## Activity
Where an entry contains a picture, skip the picture and write out everything else exactly.
=== Begin Enclosure ===
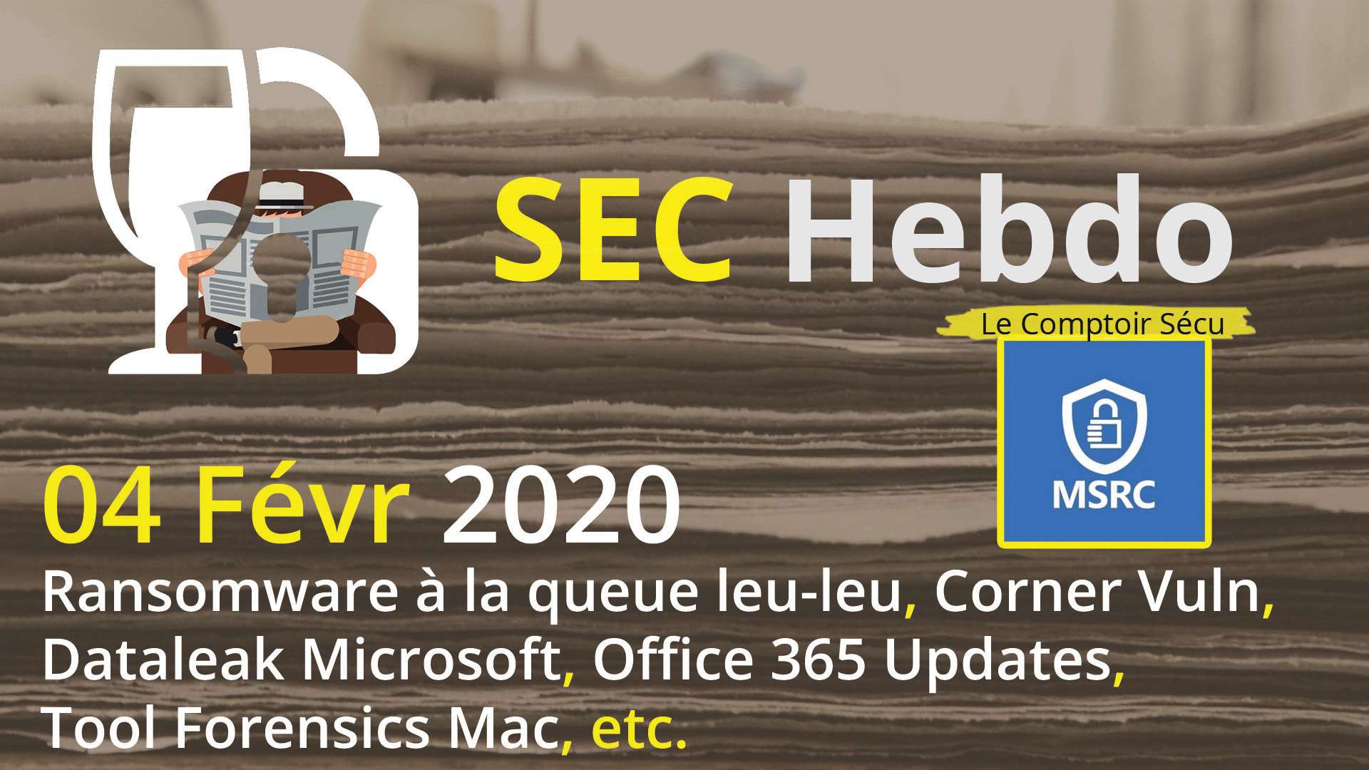 Ransomware à la queue leu-leu, Corner Vuln, Dataleak Microsoft, Office 365 Updates, Tool Forensics Mac, etc.
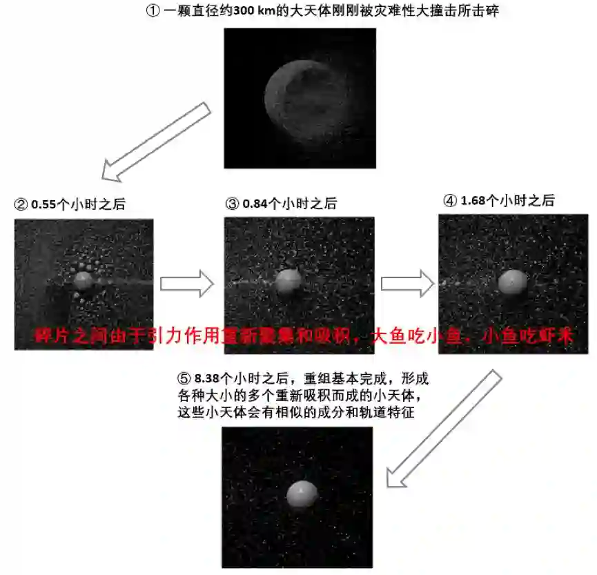 灾难性撞击之后碎片的重组过程。图片来源:参考文献[3] | 翻译:haibaraemily
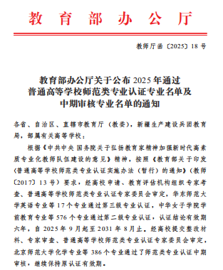 近日,教育部办公厅发布了《2025年通过普通高等学校师范类专业认证专业名单及中期审核专业名单的通知》(教师厅函〔2025〕18号),我校小学教育、英语和数学与应用数学3个专业通过教育部师范类专业第二级认证,认证结论有效期六年,自2025年9月起至2031年8月止。同时,生物科学专业通过中期审核,继续保持原认证有效期至2028年6月。至此,学校13个师范类专业中,7个专业通过认证,6个专业进入自评阶段,进入认证环节师范专业比例已达100%...
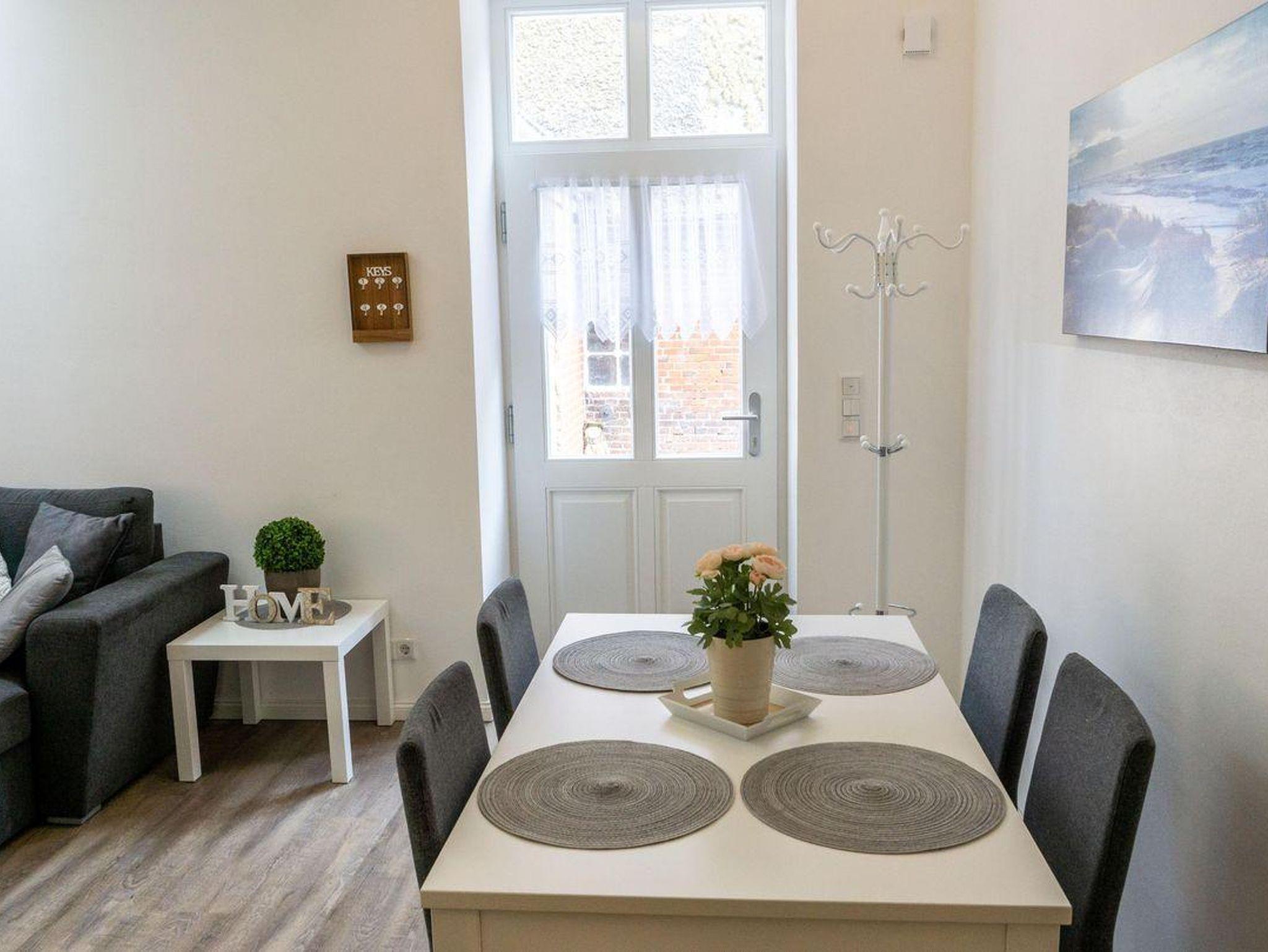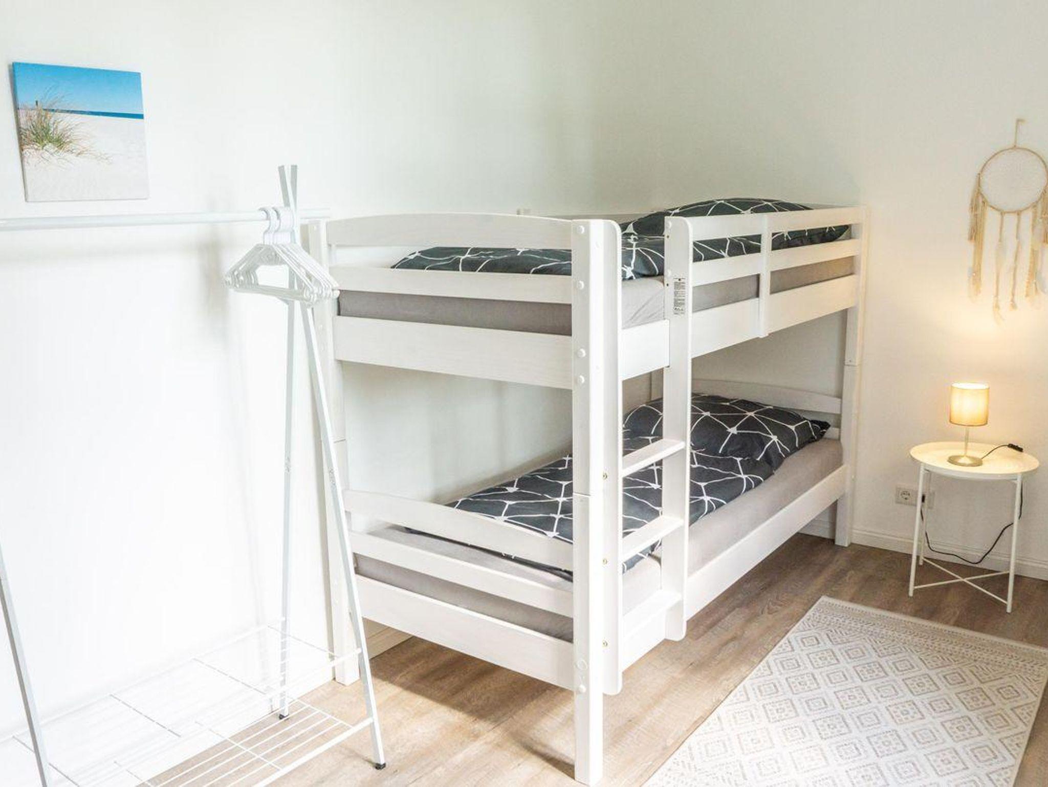 Auf 60 m² Wohnfläche bietet die Ferienwohnung komfortabel Platz für bis zu fünf Personen. Zwei Schlafzimmer mit einem Doppelbett (200x180cm) und ein Etagenbett für 2 ( 200x90) sowie ein Schlafsofa im Wohnbereich für eine Person bieten flexible Schlafmöglichkeiten, sodass sowohl Familien mit Kindern, Babys und Jugendlichen als auch Paare oder kleinere Gruppen den Aufenthalt genießen können. Die Parterrewohnung ist über einen privaten Eingang erreichbar und verfügt über Sichtschutz an allen Fenstern, was für Privatsphäre sorgt. Die Fußbodenheizung, moderne Vinylböden im Wohnzimmer und eine angenehme Raumaufteilung schaffen ein wohnliches und gemütliches Ambiente, in dem Sie sich zu jeder Jahreszeit wohlfühlen können.
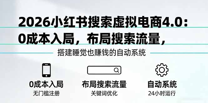 本课程是2026年小红书搜索虚拟电商陪跑训练营4.0,聚焦“0成本投入、操作简单、被动收入”三大核心优势。课程系统讲解小红书虚拟电商的完整玩法:从平台政策红利(虚拟商品专属类目、
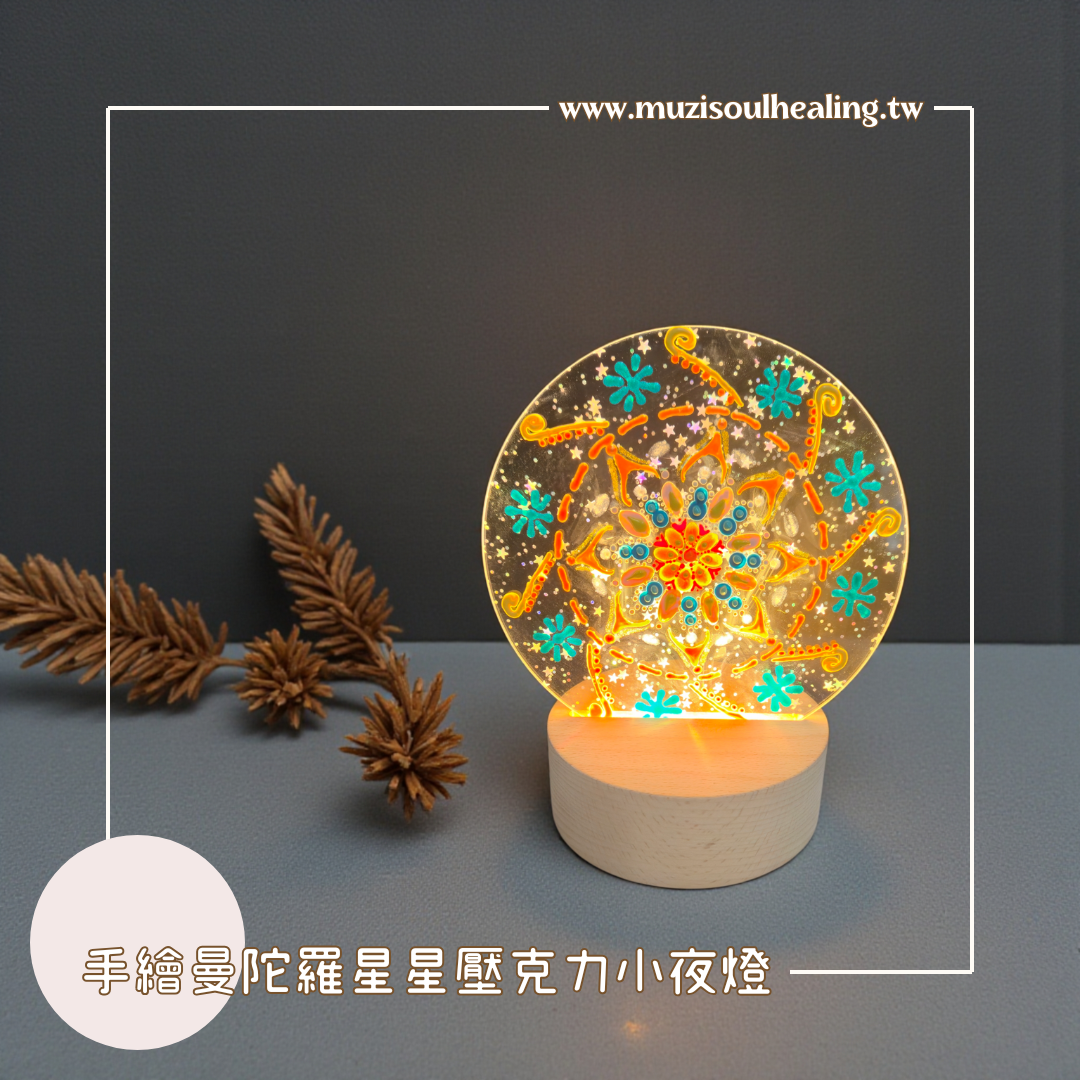溫暖燈光透過曼陀羅圖騰緩緩流動像星光般灑落,為空間帶來柔和而不刺眼的光感,非常適合放在床邊、書桌、冥想角落或療癒空間。
=== End Enclosure ===
## Reply
 Ransomware à la queue leu-leu, Corner Vuln, Dataleak Microsoft, Office 365 Updates, Tool Forensics Mac, etc.
 灾难性撞击之后碎片的重组过程。图片来源:参考文献[3] | 翻译:haibaraemily
 近日,教育部办公厅发布了《2025年通过普通高等学校师范类专业认证专业名单及中期审核专业名单的通知》(教师厅函〔2025〕18号),我校小学教育、英语和数学与应用数学3个专业通过教育部师范类专业第二级认证,认证结论有效期六年,自2025年9月起至2031年8月止。同时,生物科学专业通过中期审核,继续保持原认证有效期至2028年6月。至此,学校13个师范类专业中,7个专业通过认证,6个专业进入自评阶段,进入认证环节师范专业比例已达100%...
 Auf 60 m² Wohnfläche bietet die Ferienwohnung komfortabel Platz für bis zu fünf Personen. Zwei Schlafzimmer mit einem Doppelbett (200x180cm) und ein Etagenbett für 2 ( 200x90) sowie ein Schlafsofa im Wohnbereich für eine Person bieten flexible Schlafmöglichkeiten, sodass sowohl Familien mit Kindern, Babys und Jugendlichen als auch Paare oder kleinere Gruppen den Aufenthalt genießen können. Die Parterrewohnung ist über einen privaten Eingang erreichbar und verfügt über Sichtschutz an allen Fenstern, was für Privatsphäre sorgt. Die Fußbodenheizung, moderne Vinylböden im Wohnzimmer und eine angenehme Raumaufteilung schaffen ein wohnliches und gemütliches Ambiente, in dem Sie sich zu jeder Jahreszeit wohlfühlen können.
 本课程是2026年小红书搜索虚拟电商陪跑训练营4.0,聚焦“0成本投入、操作简单、被动收入”三大核心优势。课程系统讲解小红书虚拟电商的完整玩法:从平台政策红利(虚拟商品专属类目、
溫暖燈光透過曼陀羅圖騰緩緩流動像星光般灑落,為空間帶來柔和而不刺眼的光感,非常適合放在床邊、書桌、冥想角落或療癒空間。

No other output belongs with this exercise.